According to a report by Seattle radio station KTTH, the department lost six officers in August 2022. This brought the total number of separations up to 122 for the year alone, and to almost 500 since the city council defunded the SPD in 2020. Aside from this, 350 officers will be eligible for retirement at the end of 2022, a huge fraction that could cripple the department.
Meanwhile, Seattle Times reported that the Emerald City saw 11 homicides in August 2022 – the highest monthly figure since 2008 as per SPD records. SPD Chief Adrian Diaz warned that the city could reach a 25-year-high homicide rate before the year ends.
"There's been a mass exodus of policing. The profession itself is almost on its last breath. And what happens is that criminals fill the void when there's no law enforcement," said Mike Solan, president of the Seattle Police Officers Guild (SPOG).

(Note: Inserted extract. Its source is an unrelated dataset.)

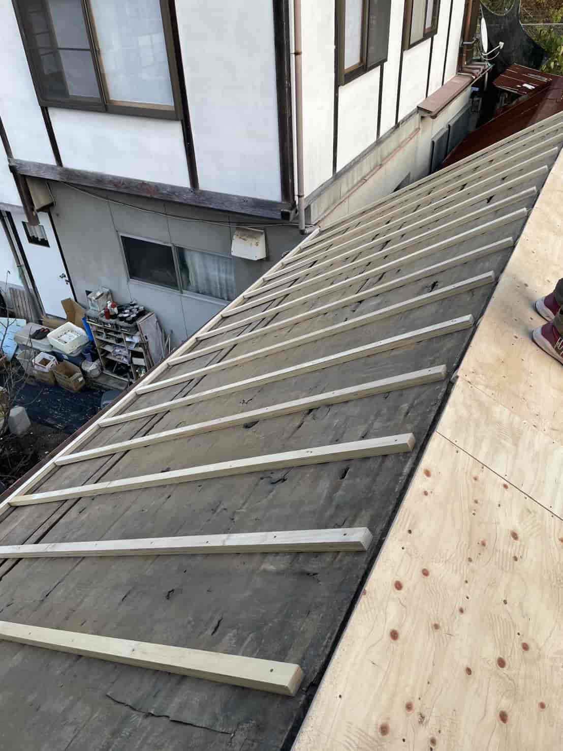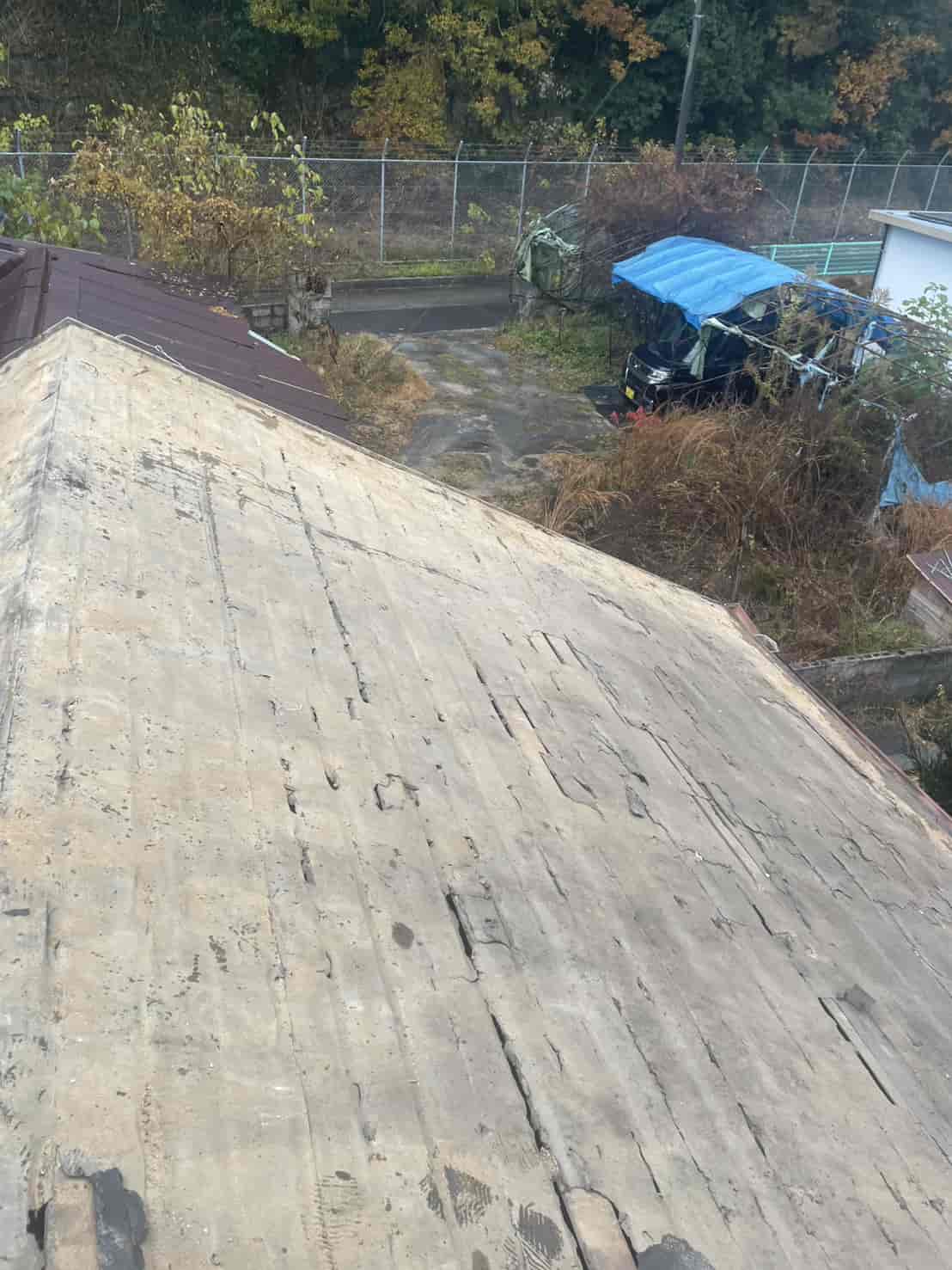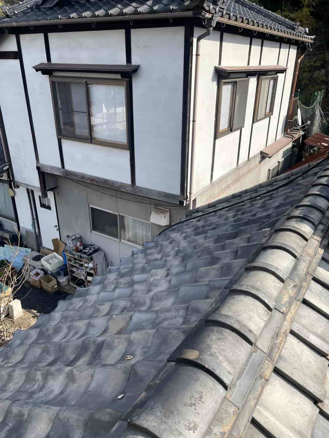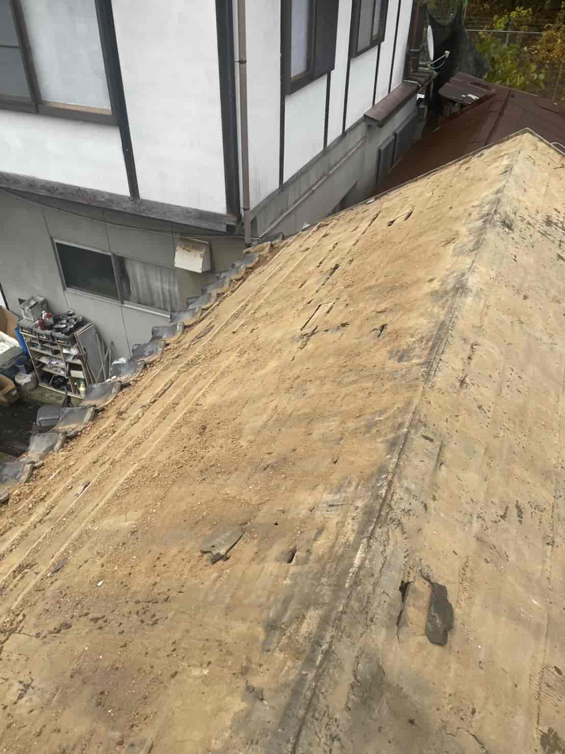 江田島市にお住まいの方から以前から雨漏りしていたが、いよいよ補修を考えているので見にきてほしいとの相談を受け伺ったところ、屋根の部分補修をご希望とのことでしたが、雨漏り該当屋根は屋根材の瓦が全体的に劣化していることから、該当屋根全面葺き替えをご提案し、ご依頼いただきました。

"When you connect to funding, and then you connect the reform laws that were just absolutely catastrophic to our communities, this is the sad result. And who ends up paying the price? Our communities."
According to Solan, roughly 1,400 to 1,500 police officers are needed to maintain public order in the city. However, the SPD only had 877 deployable officers in the final week of August.
They are also having difficulties recruiting new officers. As per an internal document obtained by KTTH, the SPD has only recruited or re-hired 41 officers to date.
"We can barely get any recruits. I don't want to send a defeatist. I always try to be an optimist. But it's not looking good," Solan said.
Moreover, the King County Sheriff's Office (KCSO) is likewise not fully staffed. A KCSO spokesperson confirmed that the office had 74 separations this year, leaving the department with just 634 deployable staff and 113 open deputy spots that are not being filled fast enough.
"We're screwed," former Sheriff John Urqhart said. "The sheriff's office is down by 115. How long is it going to take to get them back up to some sort of decent staffing? You know, I hate to be pessimistic, but this is not going to go away."
SPD officers face physical and violent assaults from radical groups such as Antifa and Black Lives Matter. Adding insult to injury is the fact that the left-leaning city council defunded them. (Related: Seattle police union leader says Seattle will be "lawless wasteland" if police are defunded.)
The city of Seattle has currently reached its 26-year high homicide rate, but the cops are retiring, resigning and a lot had made lateral entries to other government agencies where they got more support. Some are using their sick and vacation leave credits before saying goodbye to the SPD.
And now SPD is suffering a major staffing crisis. And considering the soaring crime rates, the people are left vulnerable.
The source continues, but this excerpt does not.